活動レポート

2019年度活動レポート(一般公募コース)第077号

東シナ海を中心とした最先端水産科学の習得と日中共同研究の加速度的推進

長崎大学水産学部からの報告

 令和1年9月2日~令和1年9月8日(7日間)、中国・大連海洋大学食品科学及び工程学院から6名を招へいし、科学技術体験プログラムを実施しました。

集合写真

 本プログラムの送り出し機関である大連海洋大学は、中国・東北地域で唯一の海洋・水産系の学部(学院)や大学院が設置されている総合大学で、食品科学及び工程学院を中心に、黄海や東シナ海の漁業、水産食品、海洋環境、養殖などの海洋・水産にかかわる諸問題解決に取り組みながら、国際的で高度な人材を育成しています。長崎大学は大連海洋大学と学術交流協定を締結しており、申請者を含め本学大学院水産・環境科学総合研究科(水産学部)の教員らを中心に、東シナ海における水産海洋研究を精力的に行っています。

 そこで本プログラムでは、西日本で最大水揚げ高を誇る長崎漁港を中心に、水産関連施設などで最先端の水産科学研究の学習と理解、日中両国の学術交流を通して、今後の東シナ海を中心とした共同研究を加速度的に推進することを目的としました。

第1日目来日,ガイダンス
第2日目開講式,オリエンテーション,長崎大学水産学部研究室訪問・講義・実習,歓迎会
第3日目長崎大学水産学部研究室訪問・講義
第4日目長崎市水産センター訪問,長崎市たちばな漁業協同組合訪問,長崎ペンギン水族館訪問
第5日目長崎魚市場訪問,長崎大学水産学部附属練習船鶴洋丸訪問,長崎漁港水産加工団地協同組合訪問,
長崎蒲鉾水産加工業協同組合訪問,長崎県総合水産試験場訪問,
国立研究開発法人 水産研究・教育機構 西海区水産研究所訪問
第6日目研究発表交流会,修了式,懇親会
第7日目帰国

<長崎大学水産学部>

 海洋計測器学、水産情報学、魚病学、微生物・遺伝子解析学、水産利用学、食品栄養学などの水産科学分野における最新の情報・意見交換や交流を行い、関連する講義を受講しました。また、長崎漁港に隣接する長崎蒲鉾水産加工業協同組合や長崎漁港水産加工団地協同組合では水産加工分野の衛生管理や危機管理、環境への配慮を、長崎魚市では日本の漁業と漁獲水揚げの実態を見学しながら日中の漁業の違いを学習しました。

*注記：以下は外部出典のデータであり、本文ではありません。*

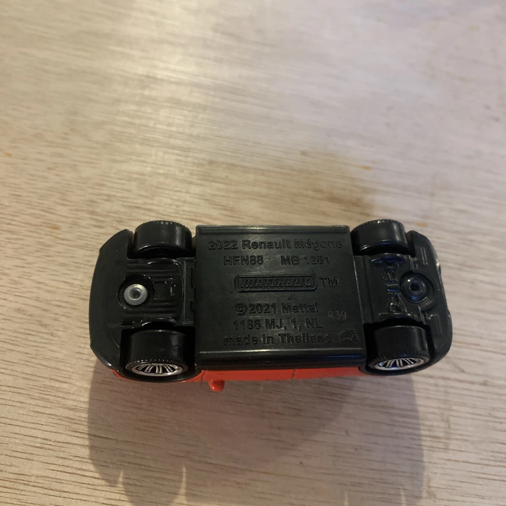 This is a Matchbox diecast car model of a 2022 Renault Megane in 1:64 scale. The vehicle is designed in vibrant red colour and features a 1.8 6-speed engine. It is a part of the Cars character family, suitable for both boys and girls who enjoy playing with toy vehicles. Made of durable diecast material, this miniature replica of the 2022 Renault Megane is a great addition to any toy car collection.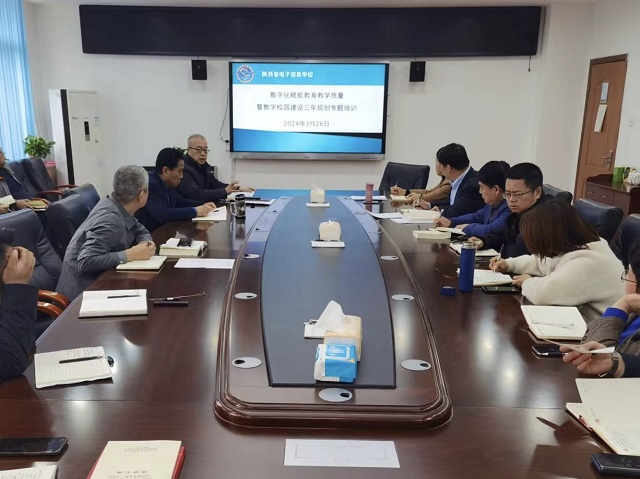 3月26日,我校在综合楼一楼会议室召开数字化赋能教育教学质量暨数字化校园建设三年规划方案专题培训会,副校长张中华主持,学校领导班子成员、各中层干部及信息中心相关人员参加会议。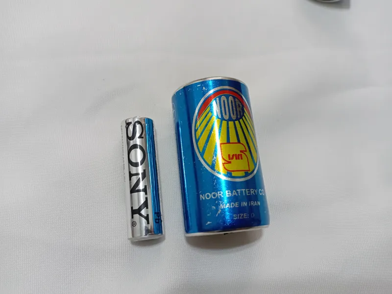 باتری قدیمی نور آکبند تولید قدیم برای حدود 20 سال پیش جنبه کلکسیون دکور داره . کمیاب . برای مقایسه یک باتری قلمی جدید کنارش گذاشتم تا اندازه دقیق متوجه بشید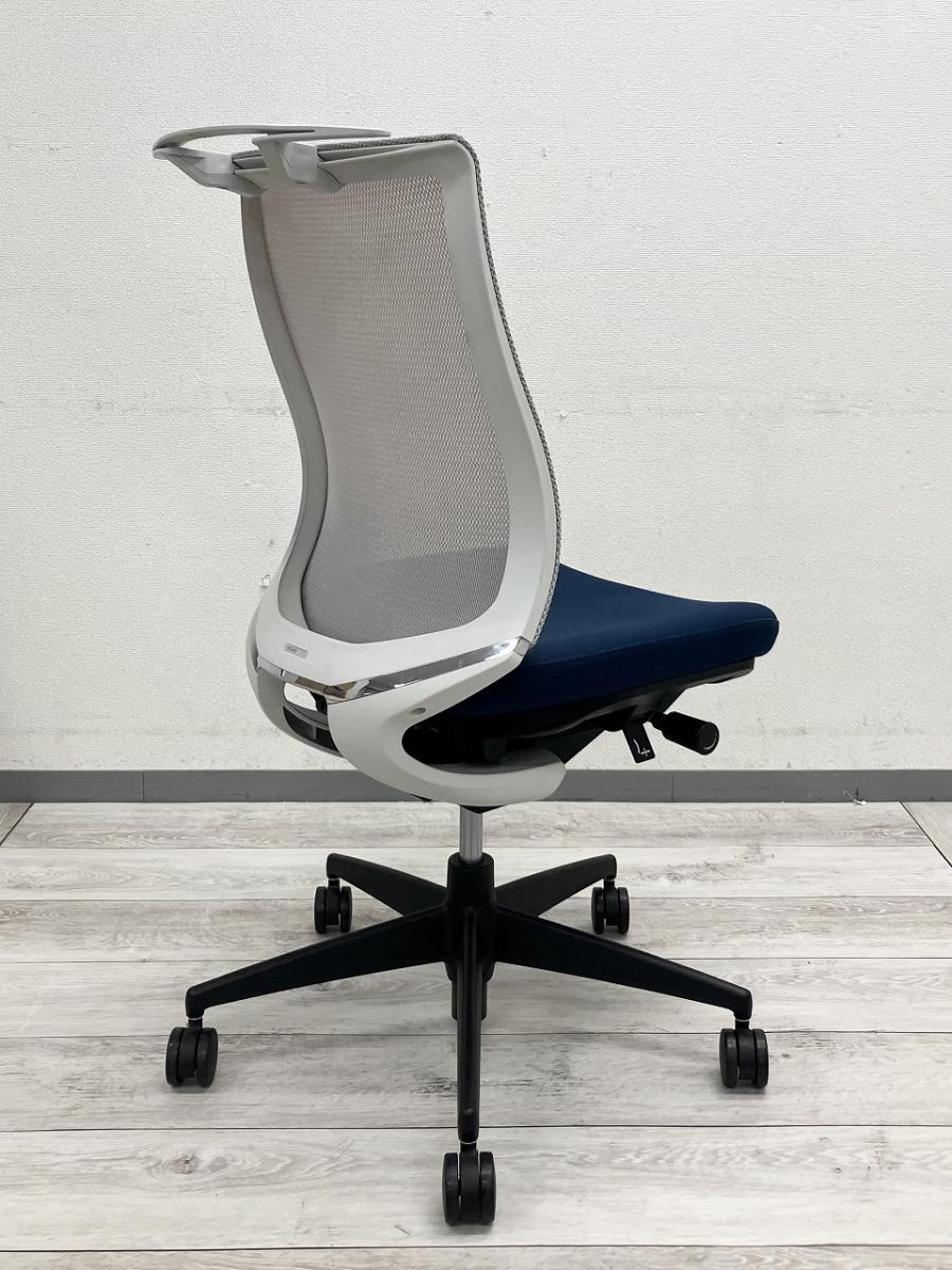 【前傾から後傾まで様々な姿勢をサポート!ワンランク上の座り心地!】■コクヨ(KOKUYO)製 ベゼル(Bezel)チェア 肘無し ハイバック モデレートタイプ 背面メッシュ ■プルシアンブルー×ホワイトシェル×脚ブラック ■ハンガー付- 千葉店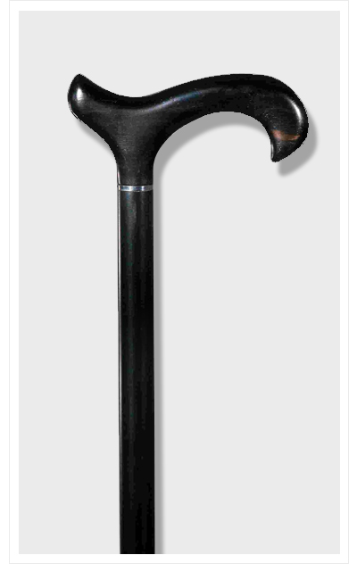 黒檀の黒で統一されたおしゃれな杖です、シェープもダービーハンドルで曲線が優しく美しく女性、男性兼用でお使いいただけます。 黒檀は天然素材で使えば使うほど黒の光沢が出現し、 磨けば磨くほどが鮮やかな黒の光沢が出ます。 黒檀の素材の特徴は木の芯まで全て黒が保たれており天然色の黒を保ちます。フォーマルな場所、ドレスに最適な逸品です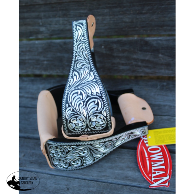 175869ShowmanBlack Alluminum Engraved Stirrups. These stirrups feature 5" boot width with 2.25" tread and a 3" neck. Black alluminum with floral engravings with light color leather tread.Pre Orders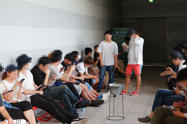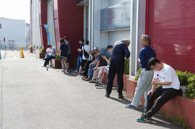夏の陽気に合わせ、気温も、(ファンの)熱意も、アゲアゲな様相を見せる早朝の店前。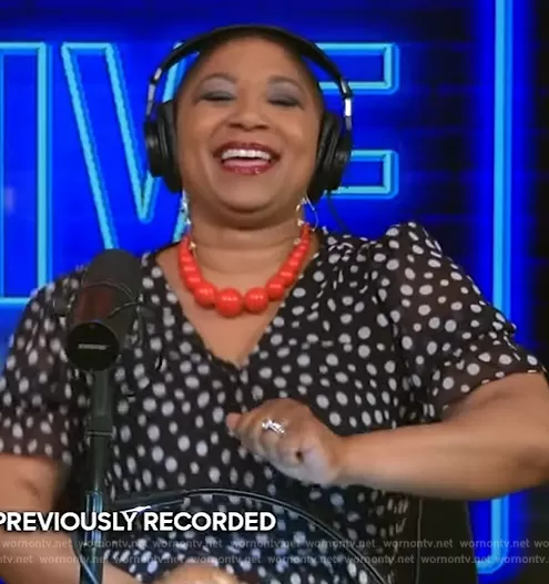 Deja Vu on Live with Kelly and Mark on Disney ABC Home Entertainment was spotted wearing this black polka dot print dress on Live with Kelly and Mark on Apr 20 2023's episode. Deja Vu's Dress is the Chiffon Print Dress with Puff Sleeves by Calvin Klein.

長崎大学水産学部で東シナ海におけるマイクロプラスチック採集機材を
見学している様子

<長崎水産センター、長崎市たちばな業協同組合>

 魚類・貝類における最先端の種苗生産技術を、長崎ペンギン水族館では磯焼けと藻場再生・造成技術を学習しました。

長崎市水産センターでアワビの養殖について学習している様子
長崎ペンギン水族館で藻場再生について学習している様子

<水産研究・教育機構西海区水産研究所>

 最先端の養殖クロマグロの採卵・種苗生産技術を、長崎県総合水産試験場では水産食品加工の伝統的技術と最先端技術を併せて学習しました。

長崎県総合水産試験場で水産加工技術を学ぶ様子

<長崎大学水産学部附属練習船鶴洋丸>

 東シナ海を取り巻く漁業の実態について最新の情報・意見交換や交流を行い、最新の漁業・調査研究について学習しました。

東シナ海を取り巻く水産科学分野の課題とその解決策の提案をテーマとする
ワークショップの様子

 本プログラムの結びとして、長崎大学と大連海洋大学の学生らが東シナ海を取り巻く水産科学分野の課題とその解決策の提案をテーマに研究発表を行い、活発な討議や有意義な意見交換がなされ、その後に修了式と懇親会が盛大に開催されました。最後に、本プログラムの実施により、今回招へいした中国・大連海洋大学の優秀な青少年が中心となって、今後、東シナ海の恵みをテーマとした日中の共同研究が加速度的に推進されるものと大きく期待されます。